-- EXERCISE DATA follows --

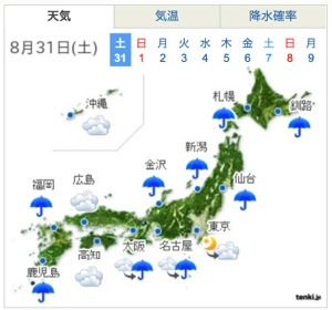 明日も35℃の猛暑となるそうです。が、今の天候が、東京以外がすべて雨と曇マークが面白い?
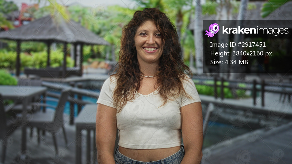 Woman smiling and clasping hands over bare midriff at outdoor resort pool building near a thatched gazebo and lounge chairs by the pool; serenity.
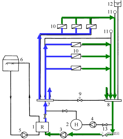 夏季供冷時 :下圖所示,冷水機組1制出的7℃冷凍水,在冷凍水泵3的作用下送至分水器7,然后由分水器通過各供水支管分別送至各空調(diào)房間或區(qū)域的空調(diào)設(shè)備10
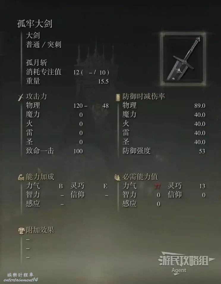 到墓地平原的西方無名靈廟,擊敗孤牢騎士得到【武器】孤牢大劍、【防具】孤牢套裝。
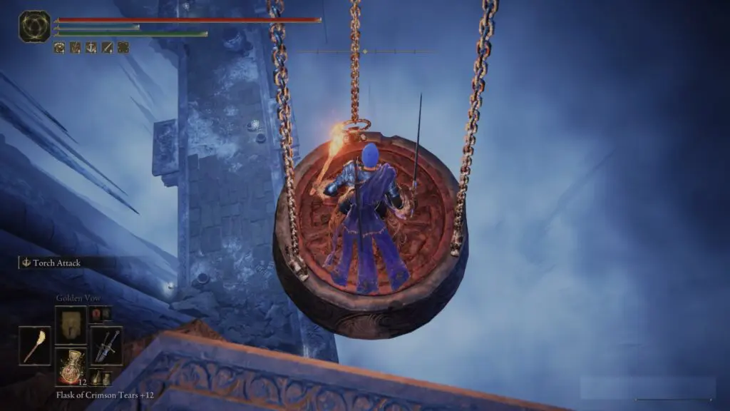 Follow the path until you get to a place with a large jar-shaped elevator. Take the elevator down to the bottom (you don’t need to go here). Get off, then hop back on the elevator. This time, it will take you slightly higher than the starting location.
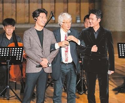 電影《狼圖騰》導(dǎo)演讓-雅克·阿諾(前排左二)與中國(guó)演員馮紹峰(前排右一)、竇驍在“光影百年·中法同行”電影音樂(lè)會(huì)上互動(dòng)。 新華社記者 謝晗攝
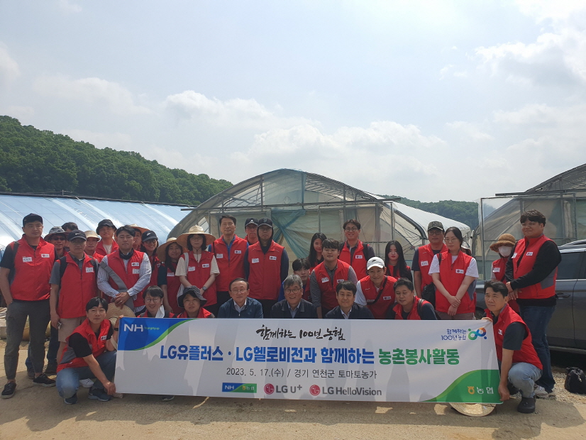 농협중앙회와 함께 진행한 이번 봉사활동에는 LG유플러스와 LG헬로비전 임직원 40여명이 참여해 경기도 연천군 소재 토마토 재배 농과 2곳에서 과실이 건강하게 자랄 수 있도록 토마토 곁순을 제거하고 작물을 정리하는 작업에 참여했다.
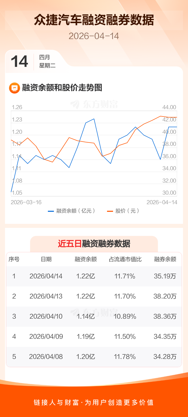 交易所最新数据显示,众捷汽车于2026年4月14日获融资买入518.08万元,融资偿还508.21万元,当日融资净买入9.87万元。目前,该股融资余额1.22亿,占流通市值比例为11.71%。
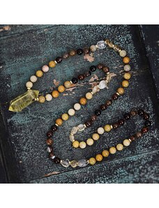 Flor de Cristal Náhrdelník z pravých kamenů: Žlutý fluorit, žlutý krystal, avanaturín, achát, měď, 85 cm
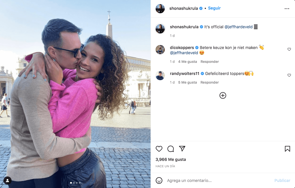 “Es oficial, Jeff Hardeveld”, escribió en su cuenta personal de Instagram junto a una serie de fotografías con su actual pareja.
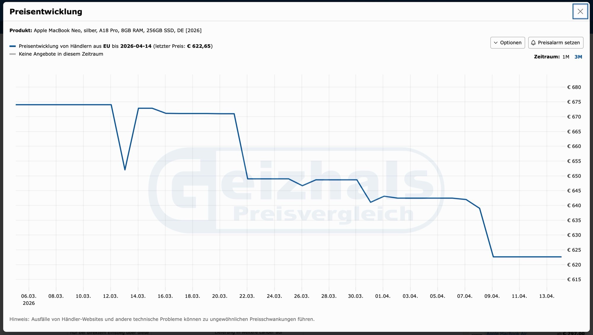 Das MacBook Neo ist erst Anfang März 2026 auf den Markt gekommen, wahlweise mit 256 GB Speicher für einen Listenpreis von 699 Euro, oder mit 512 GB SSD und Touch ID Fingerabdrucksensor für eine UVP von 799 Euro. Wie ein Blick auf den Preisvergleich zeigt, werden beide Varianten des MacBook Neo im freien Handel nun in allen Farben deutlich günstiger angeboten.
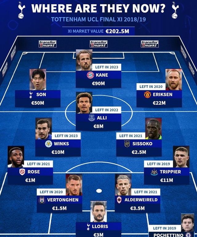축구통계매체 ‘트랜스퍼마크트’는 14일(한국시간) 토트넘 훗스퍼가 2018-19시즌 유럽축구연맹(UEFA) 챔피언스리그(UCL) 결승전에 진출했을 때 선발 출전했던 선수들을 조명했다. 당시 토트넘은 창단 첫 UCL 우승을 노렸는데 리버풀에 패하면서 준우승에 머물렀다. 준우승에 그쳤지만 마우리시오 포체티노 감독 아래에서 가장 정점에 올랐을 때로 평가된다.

-- EXERCISE DATA concluded --
-- EXERCISE DATA follows --

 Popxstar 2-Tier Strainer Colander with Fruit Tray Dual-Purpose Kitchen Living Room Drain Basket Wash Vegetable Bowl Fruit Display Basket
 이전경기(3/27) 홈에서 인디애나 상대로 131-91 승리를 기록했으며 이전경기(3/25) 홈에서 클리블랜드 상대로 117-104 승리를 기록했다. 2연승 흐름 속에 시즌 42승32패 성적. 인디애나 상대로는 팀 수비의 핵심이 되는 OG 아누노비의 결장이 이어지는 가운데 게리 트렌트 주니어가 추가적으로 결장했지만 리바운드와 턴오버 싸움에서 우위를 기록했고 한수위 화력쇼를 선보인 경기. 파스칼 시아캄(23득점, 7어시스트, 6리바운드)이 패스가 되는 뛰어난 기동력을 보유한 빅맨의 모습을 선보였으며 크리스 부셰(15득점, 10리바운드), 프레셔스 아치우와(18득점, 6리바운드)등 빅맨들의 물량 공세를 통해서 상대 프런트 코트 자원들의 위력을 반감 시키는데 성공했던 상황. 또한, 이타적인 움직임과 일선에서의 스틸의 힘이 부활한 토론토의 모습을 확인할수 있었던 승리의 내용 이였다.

-- EXERCISE DATA concluded --

▸ **ACTIVITY**:
Using the data above, copy exactly the lines from the one containing "Flor de Cristal" to the one containing "su actual pareja.", inclusive. Exclude the pictures.

▸ **RESPONSE**:
 Flor de Cristal Náhrdelník z pravých kamenů: Žlutý fluorit, žlutý krystal, avanaturín, achát, měď, 85 cm
 “Es oficial, Jeff Hardeveld”, escribió en su cuenta personal de Instagram junto a una serie de fotografías con su actual pareja.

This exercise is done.